An extraordinary memoir suffused with generosity, consistent insight, and striking artwork.

Product Details

BN ID: 2940177424873
Publisher: Penguin Random House
Publication date: 10/06/2020
Edition description: Unabridged

Read an Excerpt

Prologue


The Latin roots of “monster” are monere, meaning “to warn,” and monstrum, an omen, or a supernatural being that indicates the will of a god. “Monster” shares its etymological root with “premonition” and “demonstrate.”

My first monster story was Frankenstein.

Though this first Creature was more James Whale than Mary Shelley. When we were little, my brothers and I would abandon the great outdoors and race inside in time for the Saturday monster movie matinee. Two hours of ecstatic dread. Of delicious nightmares in chiaroscuro black-and-white.

Every few weeks, it would be his turn. I waited for his graceless body, his halting gait and cinder-block shoes. I could recognize the operating room where he was born. I knew he was real, because we were the same—everything that made him a monster made me one, too. We had more in common than scars and shoes. Frankenstein is the story of a disabled child and its parent. It is also the story of a Golem.

Humans have told stories of magically animated creatures for thousands of years. Ancient religions from Babylonia and Sumer, to Mexico, Africa, and China, all assert that gods formed the first human beings out of clay. Enki and Prometheus are but two creators who formed a being and gave it life. These days, we have Victor Frankenstein and his Creature, but long before them, the Jews had Rabbi Judah Loew ben Bezalel and his Golem.

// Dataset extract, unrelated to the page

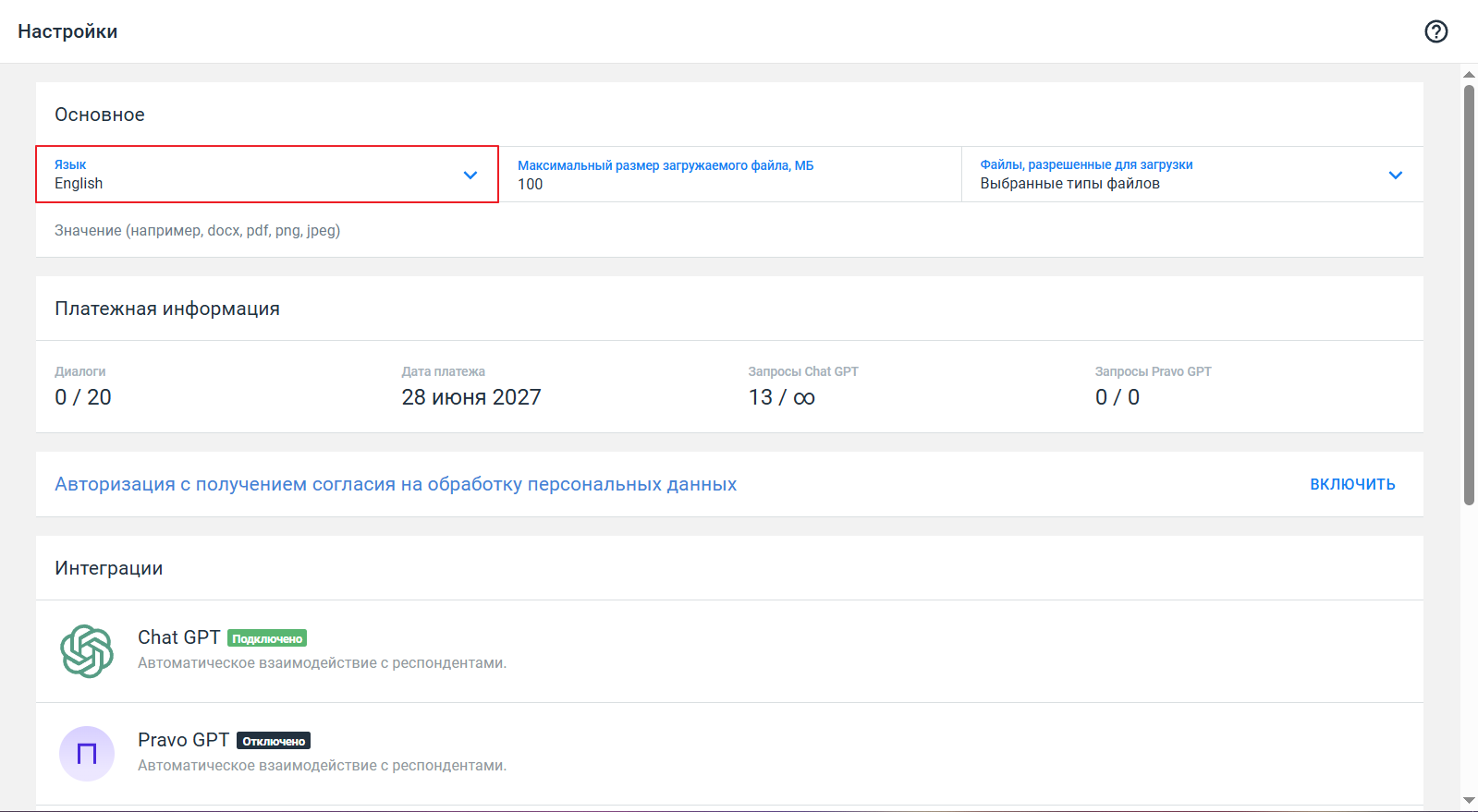 - Выберите язык в блоке Основное. Доступные варианты:

Golem (goylem in Yiddish) is Hebrew for “shapeless mass” and first appears in Psalm 139 of the Hebrew Bible, in which Adam is referred to as a golmi. Adam is brought to life by the breath—the word—of God, transformed from inert matter into vibrant life: the first Golem. The difference is that Adam becomes fully human, while Golems of legend never do.

Iterations of this legend date from as far back as the eleventh century, but the most famous version dates from sixteenth-century Prague. The Golem of Prague tells the story of Rabbi Judah Loew ben Bezalel (an actual historical figure, known as the Maharal) and his creation of a living being made of clay. Golems wend through our stories, from Pygmalion’s statue to the Bride of Frankenstein to Mr. Data and Seven of Nine; from the Cylons to C-3PO, R2-D2, and Chucky the doll. And, of course, to Gollum himself.

While these are not all Golems, exactly, every creature is made of inanimate material that is shaped and awakened by the will of a master (and nearly every story is of a master—not a mater—a male who attempts to attain the generative power of the female body).

Golems are built in order to serve a specific purpose. Adam, it is said, was built for the glory of God. The Golem of Prague was built to save the Jews from a pogrom. Frankenstein’s monster was built for the glory of his maker, and for the glory of science itself. These Golems were not created for their own sake. None given purposes of their own, or futures under their control. Golems are permitted to exist only if they conform to the wishes of their masters. When a Golem determines its own purpose—let’s call it hubris—it is almost always destroyed. The

Golem must stay unconscious of its own existence in order to remain a receptacle of divine will.

Yet every tale tells us: it is in the nature of a Golem to wake up. To search for the path from being an It to an I.

In Golem stories, the monster is often disabled. Speechless and somnambulistic, a marionette acting on dreams and animal instinct. In Yiddish, one meaning of goylem is “lummox”; to quote the scholar Michael Chemers, from God’s perspective, all humans are disabled. The day I was born I was a mass, a body with irregular borders. The shape of my body was pared away according to normal outlines, but this normalcy didn’t last very long. My body insisted on aberrance. I was denied the autonomy that is the birthright of normality. Doctors foretold that I would be a “vegetable,” a thing without volition or self-awareness. Children like me were saved without purpose, at least not any purpose we could call our own.

I am a Golem. My body was built by human hands.

And yet—

If I once was monere, I’m turning myself into monstrare: one who unveils.